=Paper=
{{Paper
|id=Vol-2507/219-224-paper-38
|storemode=property
|title=Blocking Strategies to Accelerate Record Matching for Big Data Integration
|pdfUrl=https://ceur-ws.org/Vol-2507/219-224-paper-38.pdf
|volume=Vol-2507
|authors=Ivan Kadochnikov,Vladimir Papoyan
}}
==Blocking Strategies to Accelerate Record Matching for Big Data Integration==
<pdf width="1500px">https://ceur-ws.org/Vol-2507/219-224-paper-38.pdf</pdf>
<pre>
          Proceedings of the 27th International Symposium Nuclear Electronics and Computing (NEC’2019)
                             Budva, Becici, Montenegro, September 30 – October 4, 2019


       BLOCKING STRATEGIES TO ACCELERATE RECORD
           MATCHING FOR BIG DATA INTEGRATION
                              I.S. Kadochnikov1,2 a, V.V. Papoyan1 b
  1
      Joint Institute for Nuclear Research, 6 Joliot-Curie St, Dubna, Moscow Region, 141980, Russia
      2
          Plekhanov Russian University of Economics, Stremyanny lane, 36, Moscow, 117997, Russia

                                E-mail: a kadivas@jinr.ru, b vlpapoyan@jinr.ru


Record matching represents a key step in many Big Data analysis problems, especially leveraging
disparate large data sources.

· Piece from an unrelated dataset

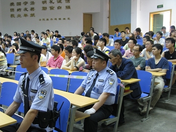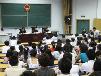 应江南官方(中国)总部江南官方(中国)总部邀请,陕西省高级人民法院刑事审判庭于2009年6月11日,在江南官方(中国)总部德育教育基地,就被告人王某故意杀人、抢劫案进行第二审公开审理。江南官方(中国)总部组织全体博士生、研究生、本科生旁听庭了此次教学实践活动。省人大代表、政协委员也参加了此次公开审理。

Methods of probabilistic record linkage provide a good framework to find
and interpret partial record matches. However, they require combining and therefore computing string
distances for the records being compared. That is, the direct use of probabilistic record linkage
requires processing the Cartesian product of record sets. As a result, a “blocking” step is used, when
candidate record pairs are grouped by a categorical field, significantly limiting the number of record
comparisons and computational cost. On the other hand, this method requires a high level of data
quality and agreement between sources on the categorical blocking field. We propose a more flexible
approach where blocking does not use a categorical column. The key idea is to use clustering based on
string field values. In practice, we mapped the string field with TF-IDF into a latent vector space and
then used Locality Sensitive Hashing to cluster records in this vector space. Apache Spark libraries
were used to show the effectiveness of this approach for linking British open company registration
datasets.

Keywords: record linkage, locality sensitive hashing, Apache Spark


                                                                      Ivan Kadochnikov, Vladimir Papoyan

                                                               Copyright © 2019 for this paper by its authors.
                       Use permitted under Creative Commons License Attribution 4.0 International (CC BY 4.0).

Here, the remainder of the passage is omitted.